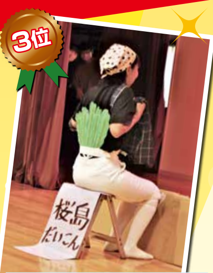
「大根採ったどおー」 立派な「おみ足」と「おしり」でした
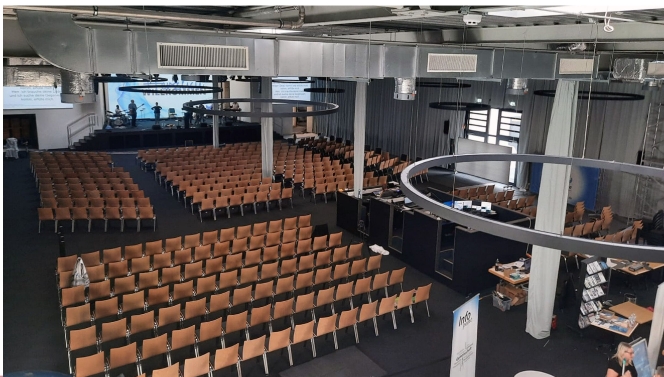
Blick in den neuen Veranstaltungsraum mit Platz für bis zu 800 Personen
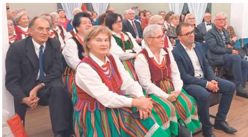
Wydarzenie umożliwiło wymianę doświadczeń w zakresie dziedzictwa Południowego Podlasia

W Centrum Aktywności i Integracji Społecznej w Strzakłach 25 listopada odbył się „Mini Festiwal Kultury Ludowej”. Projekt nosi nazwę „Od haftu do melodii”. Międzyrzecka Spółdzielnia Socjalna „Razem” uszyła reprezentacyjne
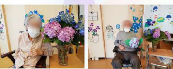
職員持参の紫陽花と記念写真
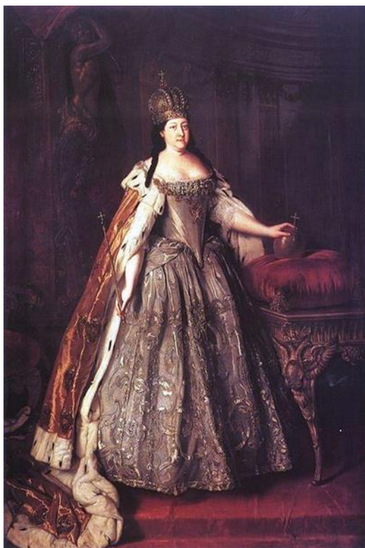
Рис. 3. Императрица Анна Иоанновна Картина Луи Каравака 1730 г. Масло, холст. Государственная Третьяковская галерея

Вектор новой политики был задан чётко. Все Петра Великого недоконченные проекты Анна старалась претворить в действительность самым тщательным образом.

┄┄┄┄┄┄┄┄┄┄┄┄┄┄┄┄┄┄┄┄

» **How to complete this task**:
Starting at the line that contains "W Centrum Aktywności", reproduce every line through the last one in the records exactly, and omit all pictures.

» **Answer box**:
W Centrum Aktywności i Integracji Społecznej w Strzakłach 25 listopada odbył się „Mini Festiwal Kultury Ludowej”. Projekt nosi nazwę „Od haftu do melodii”. Międzyrzecka Spółdzielnia Socjalna „Razem” uszyła reprezentacyjne
職員持参の紫陽花と記念写真
Рис. 3. Императрица Анна Иоанновна Картина Луи Каравака 1730 г. Масло, холст. Государственная Третьяковская галерея

Вектор новой политики был задан чётко. Все Петра Великого недоконченные проекты Анна старалась претворить в действительность самым тщательным образом.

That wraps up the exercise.